* **RECORDED DATA**
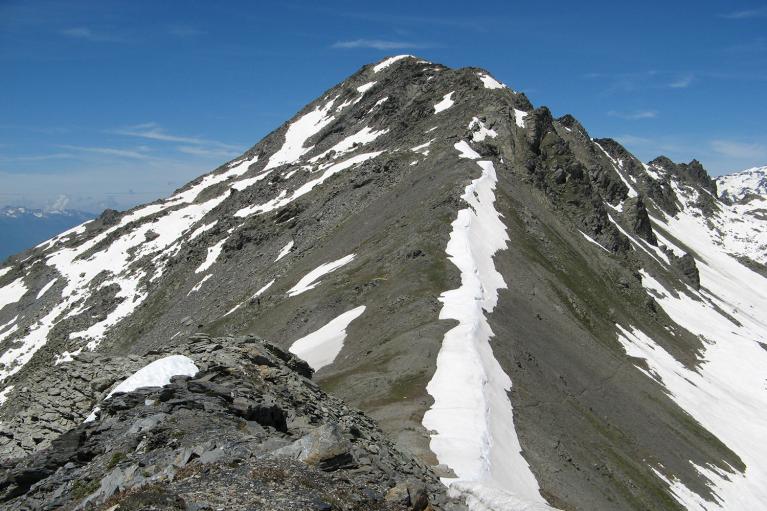 Photo du centre ; le sommet n'est plus très loin et à droite, ça y est on y est ! En continuant on rejoint le lac de Bissorte, le refuge des Marches, le col des Sarrasins décrit sur une autre page, ainsi que le col des Bataillères, celui du Cheval Blanc, de Vallée Etroite, le Mont Thabor.
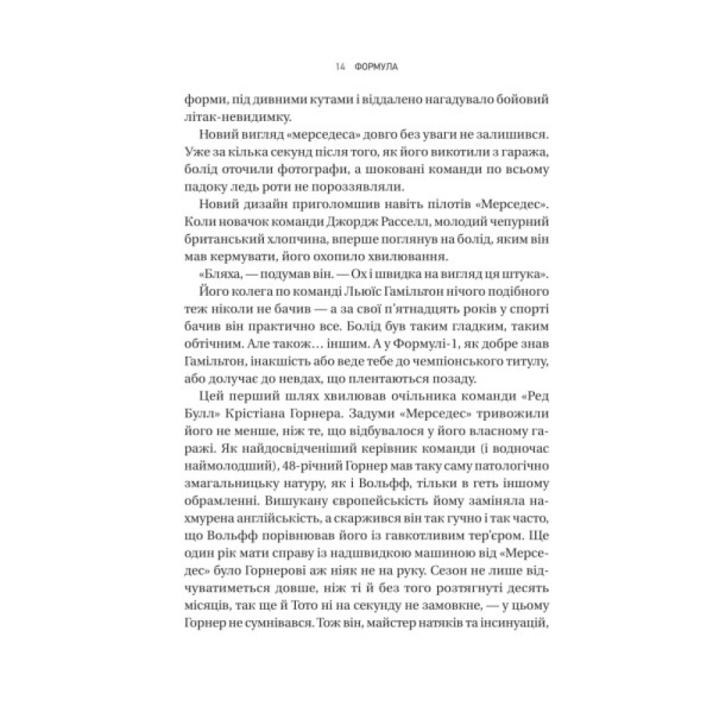 Джошуа Робінсон й Джонатан Креґґ також окреслюють важливість інновацій в автоперегонах: вони фокусуються на інженерних викликах, передових розробках і новітніх технологіях у трансформаціях Ф-1, наповнюючи текст справжньою спортивною драмою.
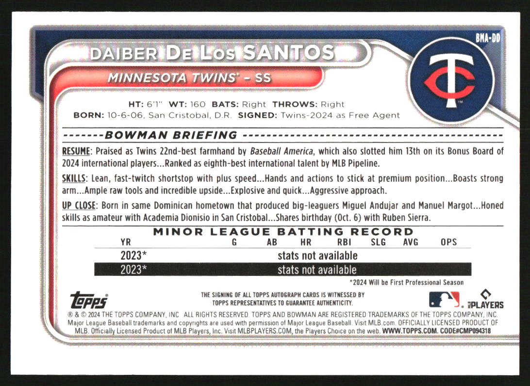 2024 Bowman Chrome Chrome Mega Box Yellow Mojo Daiber De Los Santos Auto /75
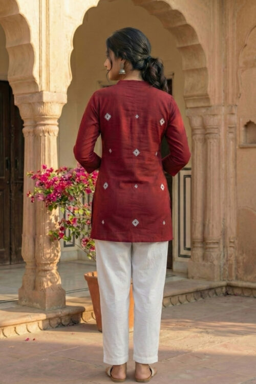 Add a touch of traditional elegance to your casual wardrobe with this Red Rayon Bandhej Short Kurti. Designed with pleated detailing on the neckline and stylish buttons, this kurti offers both comfort and style. Made from breathable rayon fabric, it ensures ease of movement while keeping the ethnic vibe intact. Perfect for college wear, daily casuals, or festive gatherings, this kurti pairs well with leggings, palazzos, or jeans.

* **TASK OBJECTIVE**
Only the lines from the one containing "Джошуа Робінсон й" through the end of the listing above should be reproduced, exactly as they stand. Leave the pictures out.

* **TASK RESPONSE**
 Джошуа Робінсон й Джонатан Креґґ також окреслюють важливість інновацій в автоперегонах: вони фокусуються на інженерних викликах, передових розробках і новітніх технологіях у трансформаціях Ф-1, наповнюючи текст справжньою спортивною драмою.
 2024 Bowman Chrome Chrome Mega Box Yellow Mojo Daiber De Los Santos Auto /75
 Add a touch of traditional elegance to your casual wardrobe with this Red Rayon Bandhej Short Kurti. Designed with pleated detailing on the neckline and stylish buttons, this kurti offers both comfort and style. Made from breathable rayon fabric, it ensures ease of movement while keeping the ethnic vibe intact. Perfect for college wear, daily casuals, or festive gatherings, this kurti pairs well with leggings, palazzos, or jeans.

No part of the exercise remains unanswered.